I sincerely believe that the overwhelmingly good staff, management, board members and presidents, present or past of the World Bank, as well as a world that needs a respected multilateral institution where global challenges can be discussed, they all deserve that this affair is handled correctly, on the basis of what is right or wrong, and not just as a banal political row, of a for or against Wolfowitz.

Thursday, April 19, 2007

The World Bank, though in a hole, needs to dig deeper.

As a former Executive Director of the World Bank it is with much sadness that I have followed the Wolfowitz affair. It is clear that he should not have played a role in deciding the terms on which his girlfriend was seconded to the US state department and that he should now leave the Bank.

Having said that, I also find it important to question the appropriateness of the primary idea, put forward it seems by the Ethics Committee, since it does not seem to be correct either that the World Bank should be seconding anyone anywhere, even on reasonable and non interfered terms, as a tool to solve this type of conflict of interests, so as to allow someone to have his cake and eat it too.

In contrast while an Executive Director, we had to spend millions of dollars of the Board’s time just in order to debate a “measly” forty thousand dollar a year increase for the then World Bank president James Wolfensohn, just so that he would be able to earn as much as his counterpart in the IMF.

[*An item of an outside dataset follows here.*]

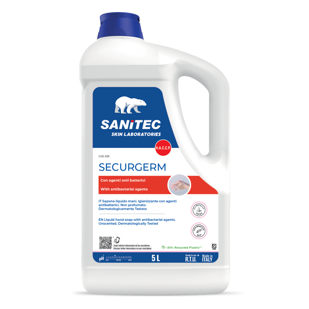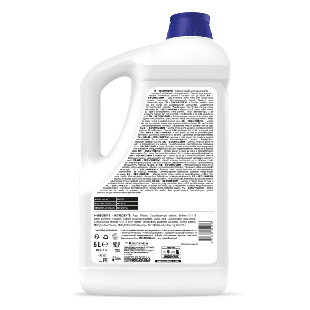 SECURGERM 5LT offre una formula delicata con pH 5.5, ideale per rispettare l’equilibrio naturale della pelle. Senza profumo, è arricchito con due principi attivi antibatterici, Clorexidina e Acido lattico, che garantiscono un’efficace azione igienizzante senza irritare. Perfetto per chi cerca una protezione sicura e raffinata.
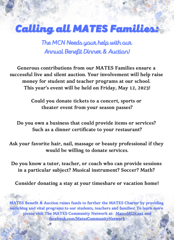 The MCN is planning an amazing evening in May and would love your help to make it a success. Email us at fundraising@matesmcn.net to find out more.

Now, after so much procrastination, by all parties, the only real solution for the World Bank, with or without Wolfowitz, lies in appointing a committee of true outsiders to dig deep and review all the World Bank’s current work related policies. The World Bank, when compared to other similar institutions, is very clean but of course, after 64 years of accumulating problem solving compromises, it should be time for a good scrubbing.

The world needs the World Bank to come out of all this smelling like roses, and the staff also deserve it.

Monday, July 03, 2006

The ethics of solving the shortage of caretakers

An older population, many of whom will experience longer periods of chronic illness and dependency before dying will require a growing number of caretakers. If there are enough caretakers, the issue will be to find the resources to compensate them. However, if there are not enough trained caretakers, no financial resources would suffice, and you have to find practical solutions.

The practical solutions available for solving the shortage of caretakers in developed countries are the following four:

1. Increase their productivity, but unless you wish to run the risk of being dehumanized on a Charlie Chaplin Modern Times assembly line cared for by robots… there might be a limit to how much this can help.

2. Move the careneeders to another place (if there are caretakers available anywhere else), and this you should do as early as possible if at an older age you do not appreciate finding yourself in strange surroundings as much as you did when younger.

3. Import caretakers, and this you should do as early as possible if when older you do not appreciate finding yourself in the company of strangers as much as you did when younger.

4. Give incentives for having more children and grandchildren—which is not such a crazy idea when you start considering how much society is, one way or another, currently rewarding people for not having children. (Talk about externalities!)

The Presidents Council of Bioethics www.bioethics.gov (USA) published in September 2005 its report titled Taking Care. It makes all types of thoughtful recommendations about the issue of Ethical Caregiving in Our Aging Society. As much I appreciate its effort, I do not think that the report spells out sufficiently the need for much more forceful and immediate work on achieving practical solutions. If those solutions are not found, the frontiers of what is currently considered ethical caretaking will just have to move to take up for the slack. No matter how horrendous it sounds, euthanasia and other flexibilities needed to bridge intergenerational conflicts might then turn out to be thought of as the only ethical solutions to the problems. In this respect, the most clear and real unethical behavior today is that of not anticipating and providing timely solutions.